GROWTH in retail sales slowed notably to a six-month low in March, providing another indication that economic growth moderated strongly in the first quarter.
Although Statistics SA will only release the first-quarter gross domestic product (GDP) data on May 27, a string of disappointing economic data are already pointing to a poor performance over the period.
Weak economic growth in the first quarter will mean that the remaining three quarters of the year will have to record high economic growth of the Treasury’s forecast for 2.7% economic growth this year are to be realised.
Households play an important role in retail activity. Rising inflation, higher borrowing costs and elevated debt levels are reducing the buying power of their disposable incomes.
Spending by households is also important for economic growth as it makes up a large share of domestic spending.
Retail sales increased by 1% in March this year compared with March last year after increasing by 2.3% year on year in February, Statistics SA figures showed on Wednesday. Sales were down 1.4% in March after falling by 0.3% in February.
The moderation in sales was mainly due to lower sales among general dealers, and food and beverages retailers.
Vunani Securities economist Ilke van Zyl said the latest retail sales figures were not really surprising given that many factors are weighing on household spending.
These included higher interest rates and inflation, lower growth in employee compensations, and base effects relating to the timing of the Easter holidays this year compared with last year.
She expected growth in retail sales to slow to between 1.5%-2% this year from 2.7% last year.
Standard Chartered head of Africa research Razia Khan said the 3.2% increase in retail sales in the first quarter was “not nearly robust enough” to make much difference to gross domestic product (GDP) growth in the first quarter given weakness in mining and manufacturing.

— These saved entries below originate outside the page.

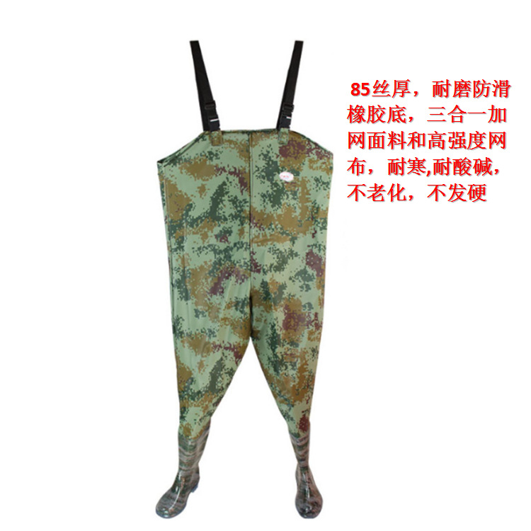 下水裤 涉水裤迷彩钓鱼裤防水服下水橡胶捕鱼钓鱼裤男裤批发厂家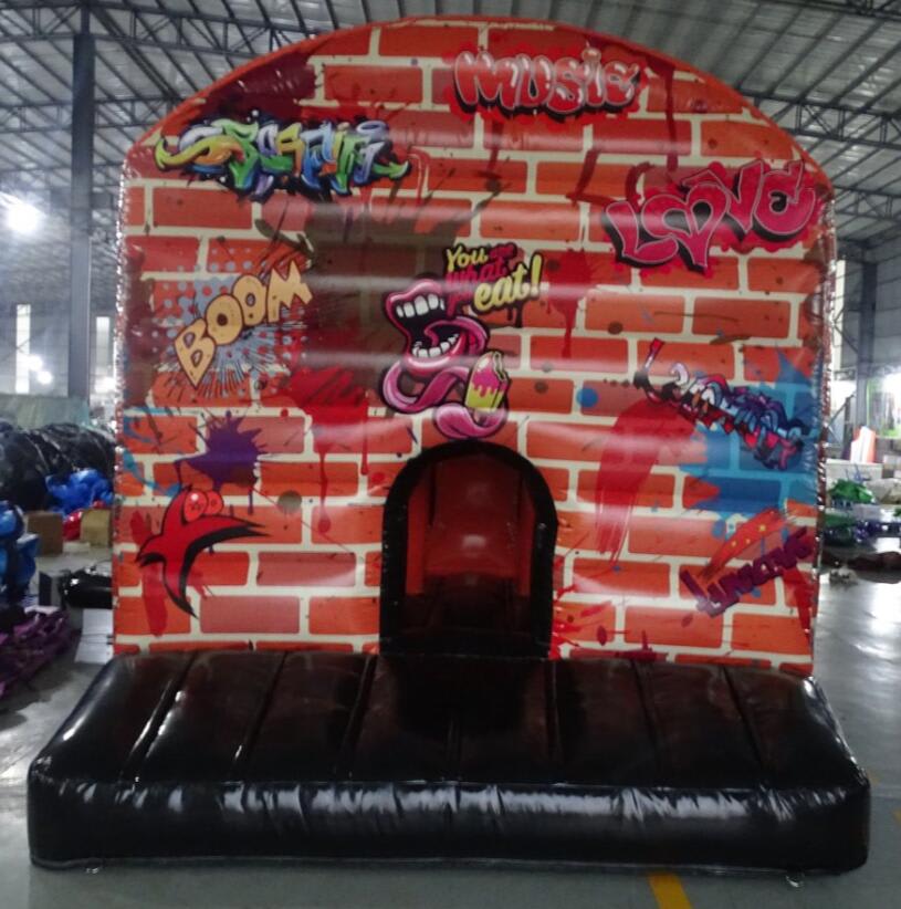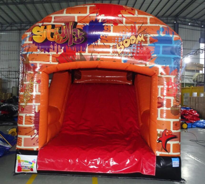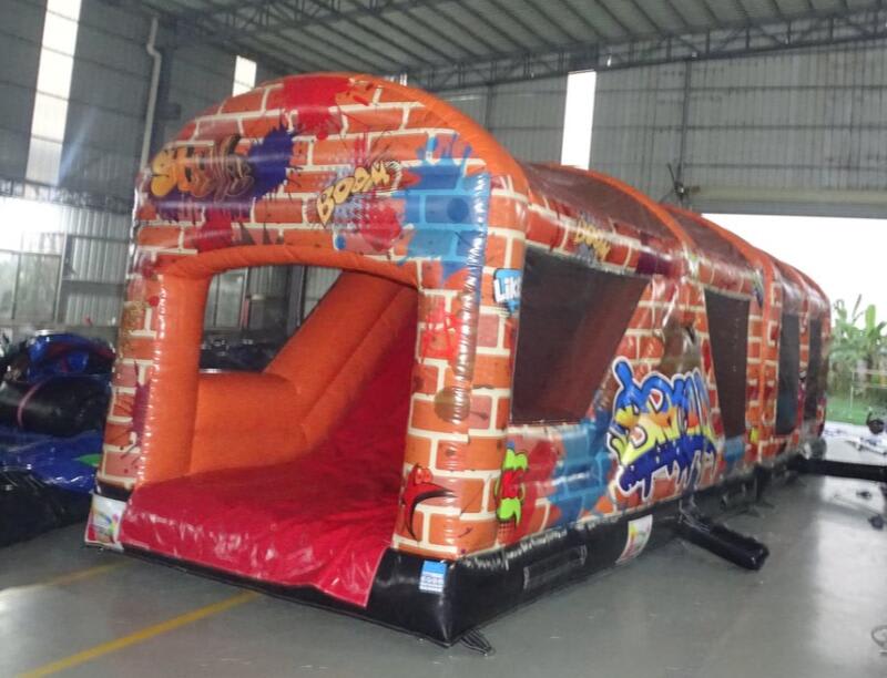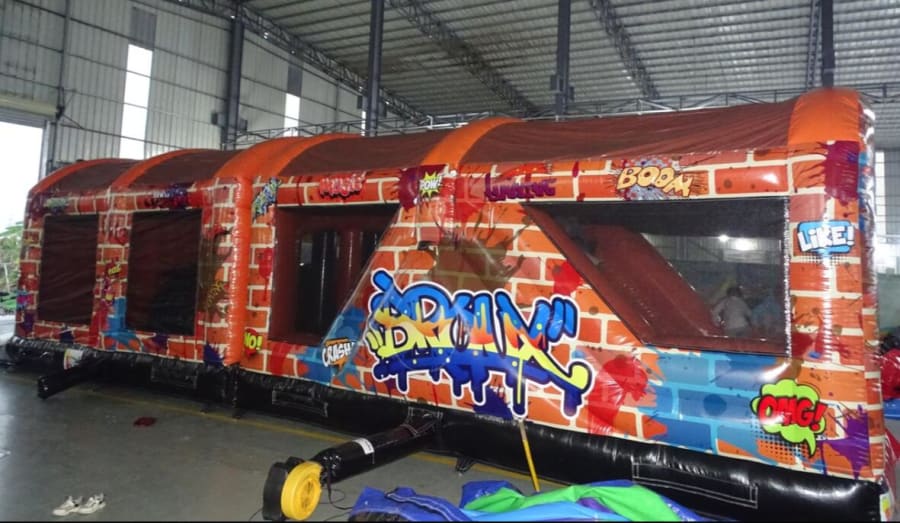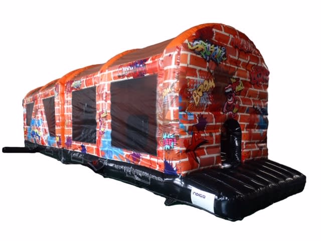 This Graffiti Obstacle Course is very popular at Children's birthday parties - Weddings, Family Fun Days, and School events. With reinforced seams, you enter the unit at the back through a series of inflatable pillars, over the climbing wall, through the tunnels and then you face a 10ft high climbing wall up to the top and then slide down the steep slide. This Obstacle course is very easily supervised from the outside as it has clear netting on each side. It is hugely popular with older children as it's graffiti design is so impressive.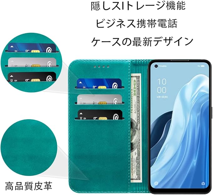 OPPO Reno9 A ケース 手帳型 Oppo Reno7 A ケース OPG04 ケース A201OP ケース 高質PUレザー A301OP ケース OPPO Reno 7A カバー 耐衝撃 オッポ Reno 7A 手帳 ケース 内蔵マグネット開閉式 ベルトなし スマホケース おしゃれ カードポケット スタンド機能 便利 スプラット同梱 携帯ケース(ターコイズ)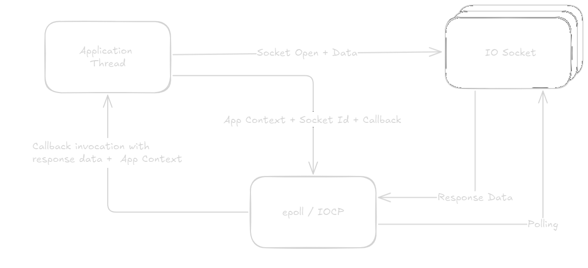 En esta implementación, cuando llega el momento de ejecutar una operación I/O, esta es totalmente delegada al sistema operativo, y el hilo encargado de ejecutar la request es liberado, pudiendo ser asignado a otra request distinta.

London-based research firm Capital Economics said the latest retail sales data and disappointing mining and manufacturing data pointed to very weak economic growth in the first quarter.

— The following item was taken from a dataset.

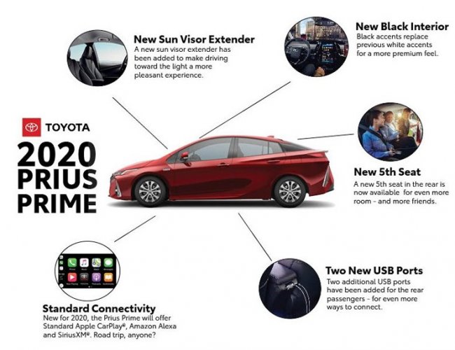 Обновленная модель Toyota Prius 2020 года впервые получит новые элементы пользовательского интерфейса, включенные в базовую комплектацию. Компания добавила информационно-развлекательную систему сопровождения водителя от Apple CarPlay во все свои автомобили, а в 2020 Toyota Prius Prime в стандартной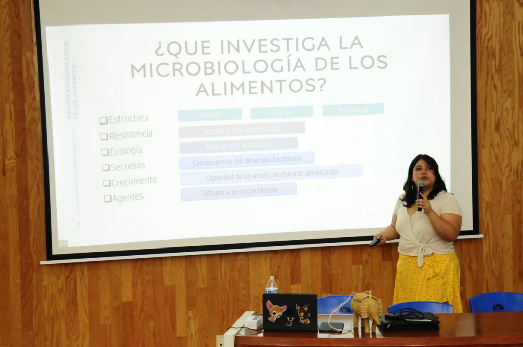 La egresada de esta universidad explicó que la ciencia microbiológica estudia la estructura de tamaño, forma y agrupación de los microorganismos; la ecología y comportamiento frente a la resistencia; las actitudes de supervivencia al ser intervenidos, y su crecimiento o capacidad de desarrollo en matrices alimentarias.

Capital Economics Africa economist Shilan Shah said on Tuesday that GDP growth was likely to have slumped to a seasonally adjusted and annualised 0.2% in the first quarter of this year from 3.8% in the fourth quarter of last year.
Mr Shah attributed this to an ongoing strike at platinum mines as well as moderation in domestic consumption spending.
Old Mutual Investment Group chief economist Rian le Roux said on Tuesday that the Reserve Bank could next week leave interest rates unchanged “for now” given the ongoing strike at platinum mines, “under pressure” consumers, and a “generally uncertain” economic outlook.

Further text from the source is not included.